PT Classroom - Muscle Balancing: Criterion-Based Evaluation and Treatment of the Knee Complex by Kerry D’Ambrogio DOM, AP, PT, DO-MTP and Trisha Becker, PT, DPT, MHS, OCS

 
Kerry D’Ambrogio is a physical therapist, osteopath and board-certified acupuncture physician. He is the president and director of the D’Ambrogio Institute and Therapeutic Systems, Inc., in Sarasota, Fla. He is the co-author of Positional Release Therapy (Mosby). D’Ambrogio is a graduate of the physical therapy program at the University of Toronto (Canada), the osteopathic program at the Canadian Academy of Osteopathy (Hamilton, Ont.), the John Wernham College of Classical Osteopathy (Maidstone, England), and the acupuncture program at the Academy of Chinese Healing Arts (Sarasota, Fla.).
 

Muscle Balancing: Criterion-Based Evaluation and

Treatment of the Knee Complex

Muscle Balancing (MB) is an easily applied manual therapy approach that reduces protective muscle spasm in as little as 90 seconds causing an immediate improvement in pain-free range of motion and function. MB techniques gently treat protective muscle spasm by inhibiting muscle spindle activation, thereby decreasing afferent impulses to the brain. By interrupting this pathway, the muscle resumes a normal resting tone thus relieving muscle tenderness, protective muscle spasm, fascial tension, joint hypomobility, and pain.

 
In the clinic, physical therapists commonly see patients who present with protective muscle spasm due to injury and trauma. Since MB is not only effective, but also efficient at treating protective muscle spasm, every physical therapist should consider utilizing this treatment approach to improve pain-free range of motion and function in those patients. MB is very easy to perform and can be successfully incorporated into any treatment session by using the following information from the criterion-based assessment provided in the sample case below.

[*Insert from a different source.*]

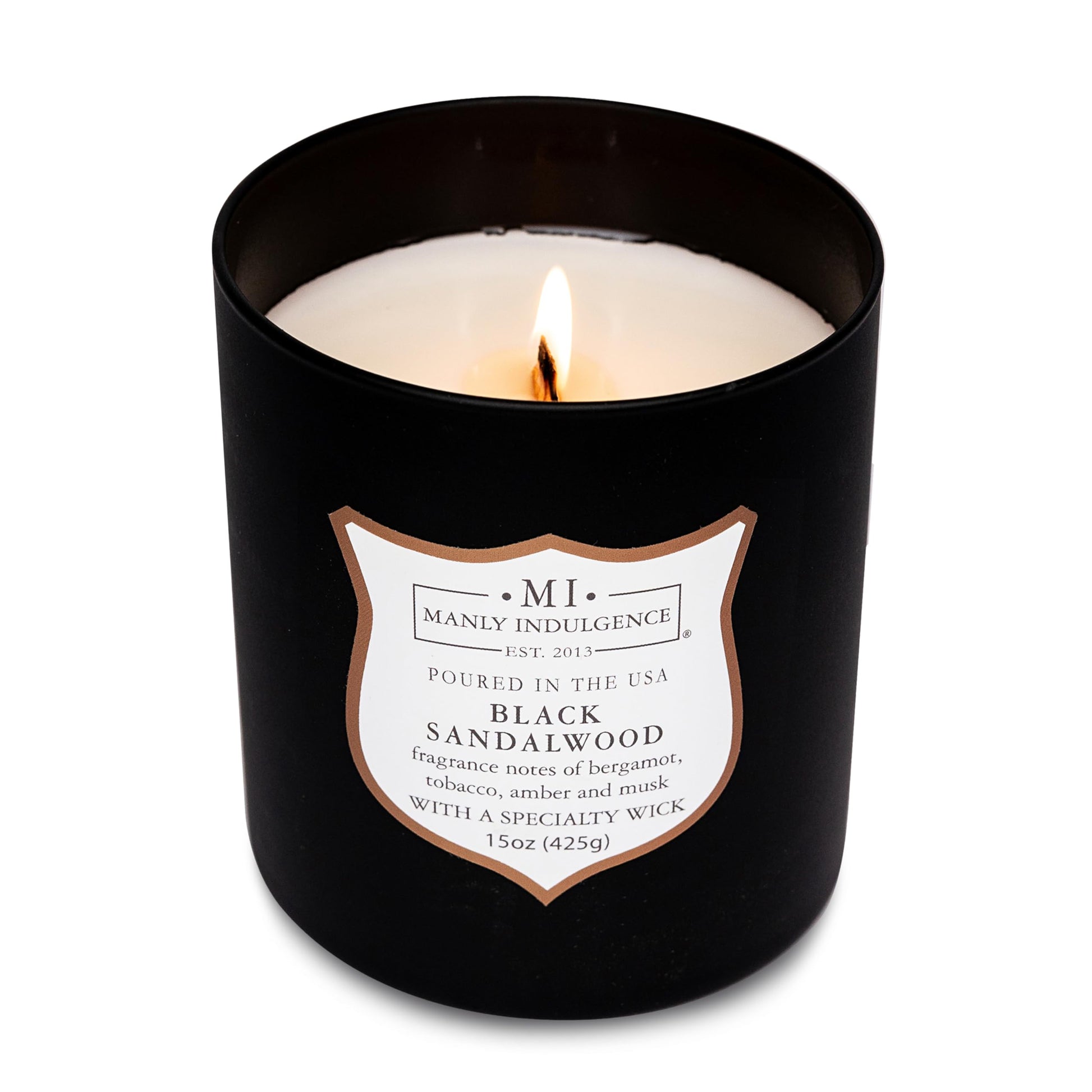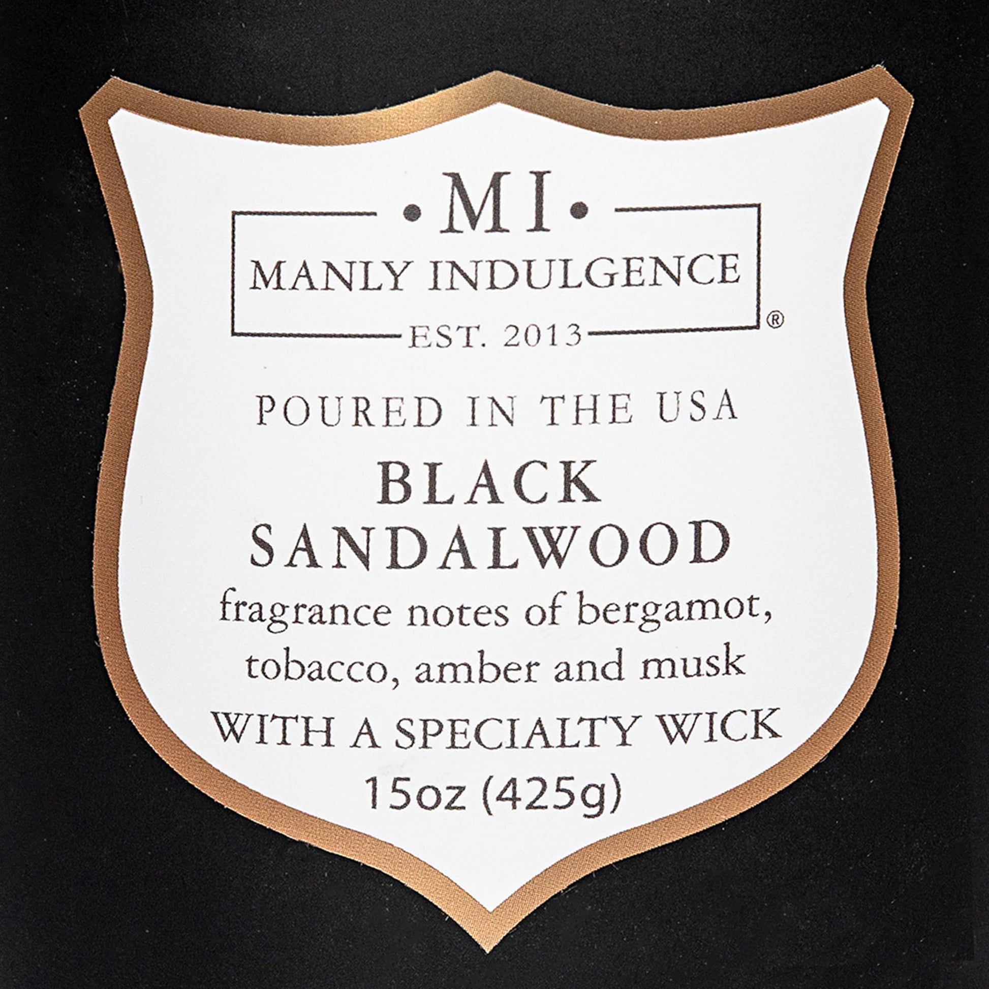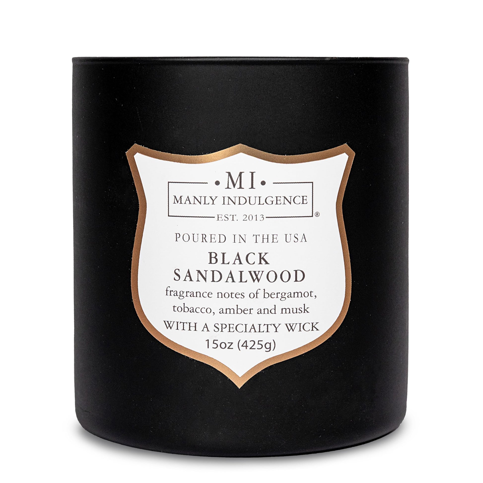 Manly Indulgence Black Sandalwood Scented Candle for Men 15 oz – Bergamot, Tobacco, Amber & Musk - Wood Wick - Up to 60 Hours Burn - Soy Blend Wax, USA Poured – Signature Collection

During the initial visit, all manual therapists face the same question, where do I treat? Do I treat locally at the site of pain or treat holistically to address global dysfunctions and lesions that may be impairing the pathway for healing? Then, once we decide where to treat, we need to decide which manual therapy treatment approach to use. However, before you can decide which manual therapy treatment approach to use, including MB, you need to have a clear understanding of the source of the pain and dysfunction. Is the patient complaint coming from a muscle, joint, fascial, lymphatic, or energetic/emotional impairment? This is important because treating with an inappropriate treatment approach and manual therapy technique in an inappropriate area is not only inefficient for our patients, but could also be potentially harmful. Without some type of criteria, how can we as clinicians discern what the patient needs? To do that, each visit should begin and end with an assessment.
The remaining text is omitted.